Signature Loans vs. Credit Cards – What You Need to Know

  1. What is a signature loan? – A signature loan is a type of personal loan that someone can receive without having to leverage their home or other personal assets as collateral. Sometimes called a “good faith loan,” a signature loan gets its name because all it takes is a person’s signature to secure it.
  2. How does it differ from using a credit card? – There are some definite similarities between signature loans and credit cards: both offer funds from a lender at a specified interest rate, require monthly payments that accrue interest, have penalties for late payments, set spending limits, and can affect your credit score. However, there are many key differences as well. For example, a signature loan is a lump sum amount that typically offers lower interest rates than a credit card. Credit cards, on the other hand, are a revolving form of credit that grants access to a certain amount of funds every month as long as payments are being made on time and the account is in good financial standing.
  3. What are some transactions you’d recommend putting on a credit card vs. getting a signature loan and vice versa? – Typically, signature loans are used for large-scale transactions that are too expensive to put on a high interest rate credit card. Things like medical emergencies, home repairs and alterations, debt consolidation, and even vacations can be paid for using signature loans. Credit cards, on the other hand, should be used for smaller-scale, everyday purchases. Many credit cards offer incentives like reward points or frequent flyer miles based on how much you spend on a credit card. While spending frivolously with a credit card is not a good idea, putting smaller purchases on a credit card and paying off your debts on time offer a good way to help build up your credit over time.
  4. What are the positives and negatives of both? – Positives of signature loans:
  • No collateral – Signature loans are unsecured loans, so they don’t require you to put down your car or home in order to acquire one
  • Lower interest rates than credit cards typically – A signature loan typically carries a lower interest rate than an average credit card interest rate. Some people even use a signature loan to pay off high-interest credit card balances for this reason.
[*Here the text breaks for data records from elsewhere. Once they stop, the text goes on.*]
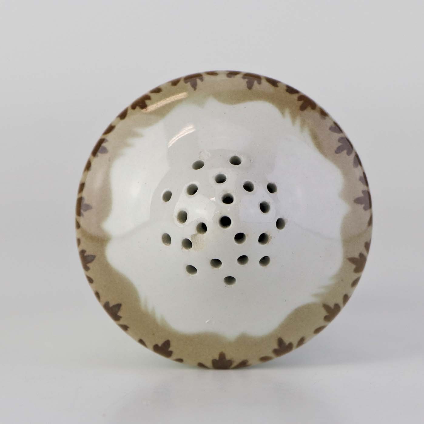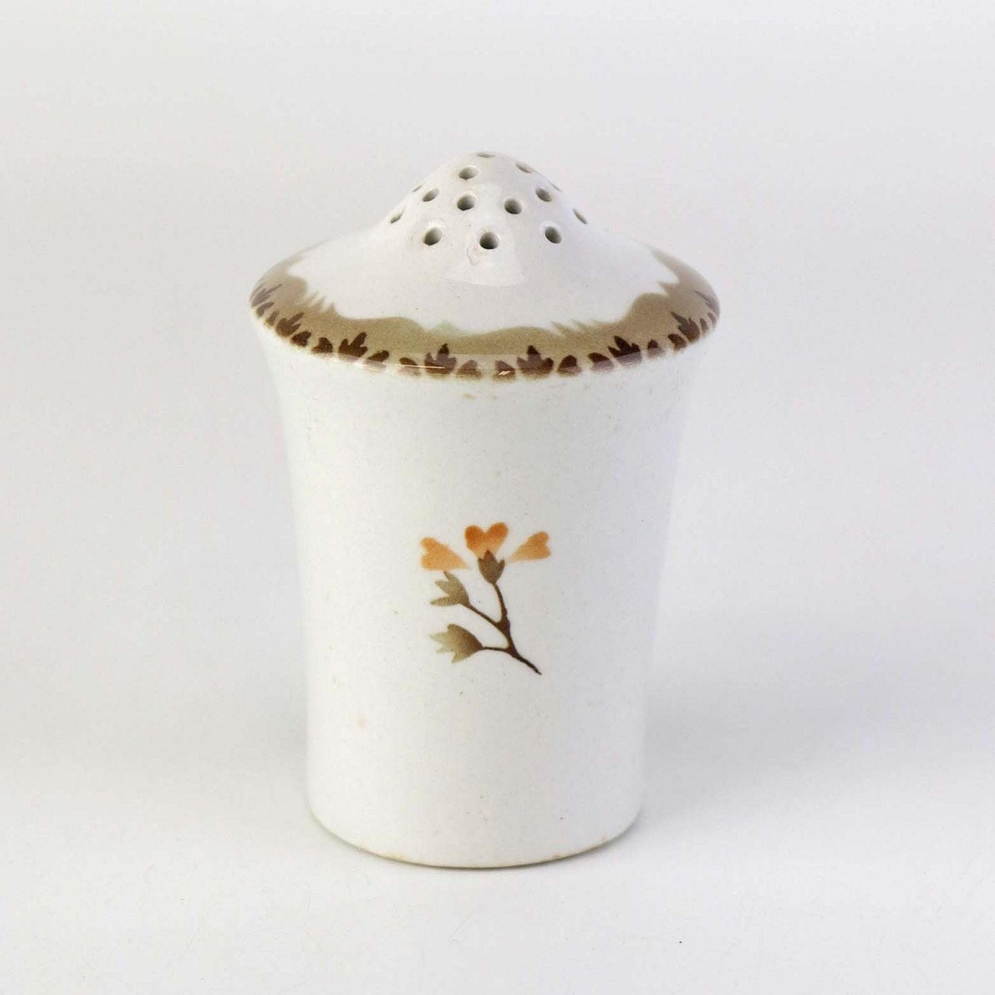 Salt strø i fajance med korkprop fra stellet Convolvulus Snerle.Formgiver Nils Thorsson, Nic. Tidemand og Oluf Jensen
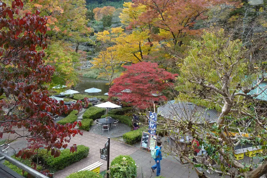 紅葉を眺めることのできる清流ガーデンはたくさんの人で賑わっています。利き酒を目当てにしているのか外国からのお客さんも目立つようです。
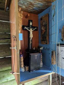 Am vergangenen Sonntag 13. April wurde festgestellt, dass der Vandalismus jetzt auch auf der Hoppe-Hütte angekommen ist. Das Gitter zum Schrein wurde herausgerissen sowie zwei Kreuze entfernt, die zwar in den Schrein zurückgelegt wurden, aber die Beschädigung ist doch recht groß.
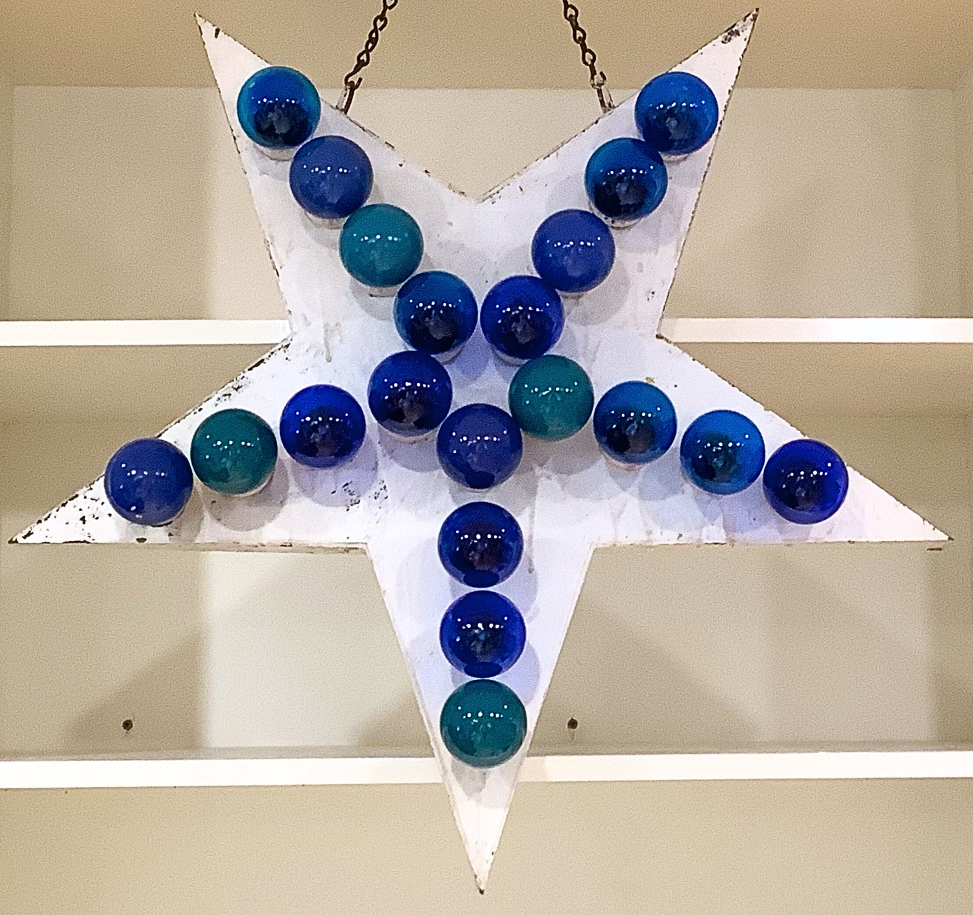 What a great piece of folk art, and a bright one at that. This vintage circus light has a sturdy chain, and comes with blue and green bulbs. The light can fit standard lightbulbs, so you can choose your colors, or switch them out throughout the year. The lamp works, but the wiring is old, so it should be rewired.
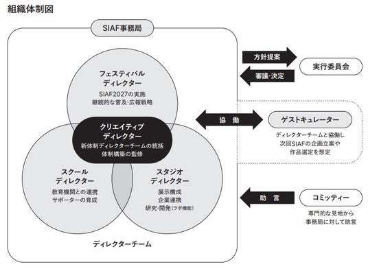 SIAFは3年に一度のフェスティバルですが、開催年以外にも恒常的な取り組みを行っていることが特徴のひとつです。それらの要素を「フェスティバル」「スクール」「スタジオ」という3つの枠組みに整理し、それぞれの部門に、これまでSIAFに長らく関わってきた実務者をディレクターとして選任しました。さらにその体制構築を支えるアドバイザーとして「クリエイティブディレクター」を設置し、前回芸術祭・SIAF2024を牽引した小川秀明氏を選任しました。
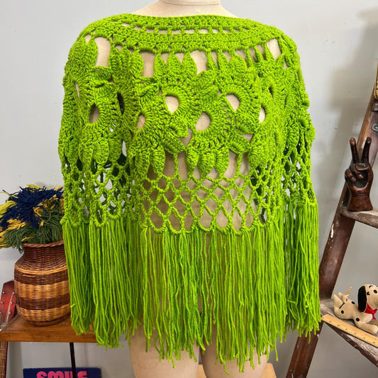 vtg 70s CROCHET FRINGE PONCHO // vintage neon chartreuse green long tassel colorful shawl autumn winter scarf cover up funky hippie style
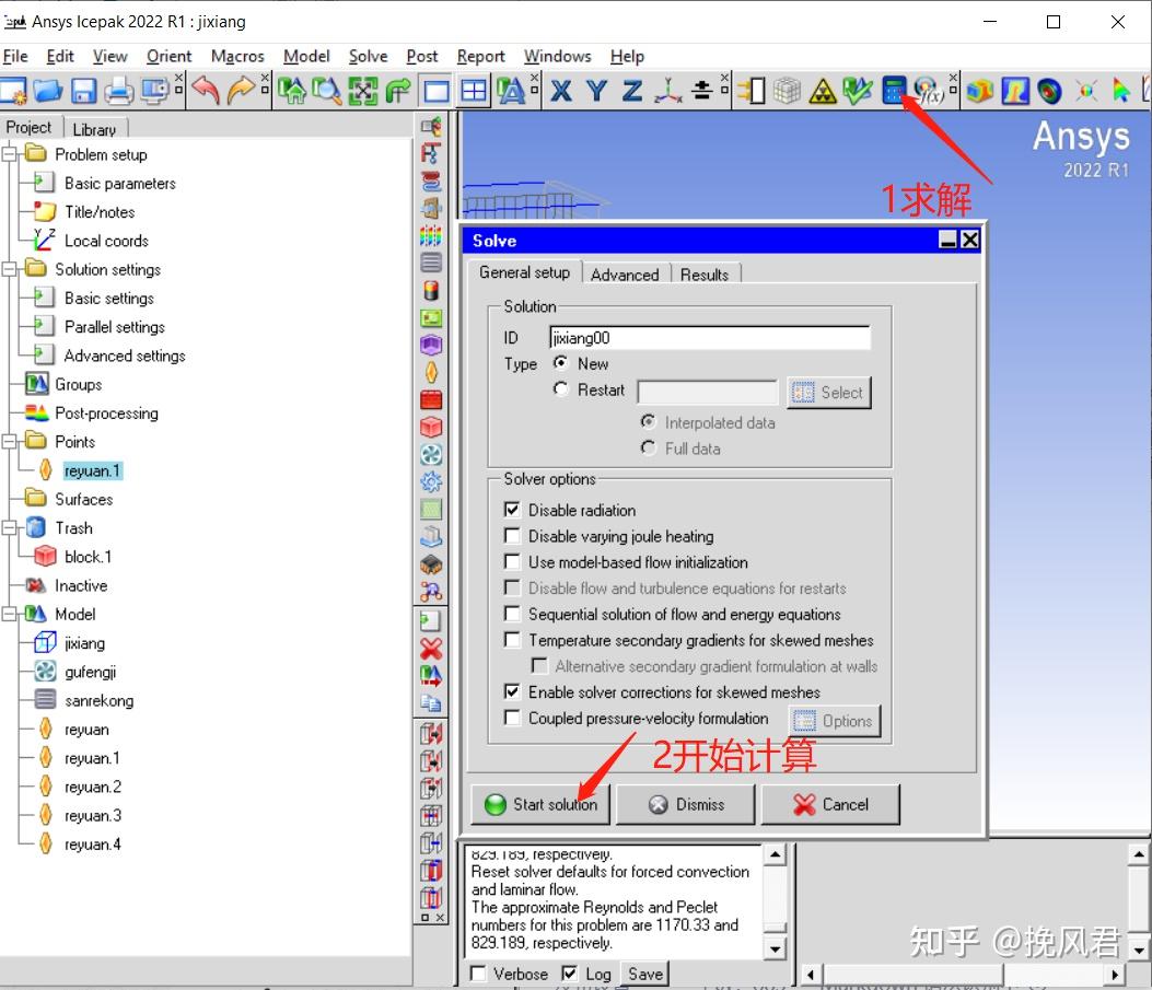 首先修改solution setting中的仿真步长(本例默认参数即可),然后设置基本参数,关闭辐射散热。

Negatives of signature loans:

  • Fees and pre-payment penalties – Additional costs like late fees and pre-payment penalties have the potential to increase the total cost of signature loans.
  • Potentially higher interest rates than secured loans – Because signature loans don’t require a collateral, the interest rate is often higher than secured loans.

Positives of credit cards:

  • Rewards points and other perks – As touched on earlier, there are often incentives like rewards points that come with using a credit card that can benefit users in future transactions.
  • Ability to pay over time – While it’s a good idea to pay as much, if not all, of your credit card balance at every pay period to uphold strong credit, credit cards give users the option to pay off a small amount of the balance due over time.

Negatives of credit cards:

  • Growing debt – Your debt increases every time you use your credit card, as you’re opting to essentially pay in full for the purchase down the road. If you’re not careful, this can cause debt to slowly snowball and greatly affect your future financial situation.
  • Fees and interest rates – Like signature loans, not using a credit card responsibly can come at the expense of paying late fees and higher interest rates. This can add to the ever-growing debt that comes with using credit cards.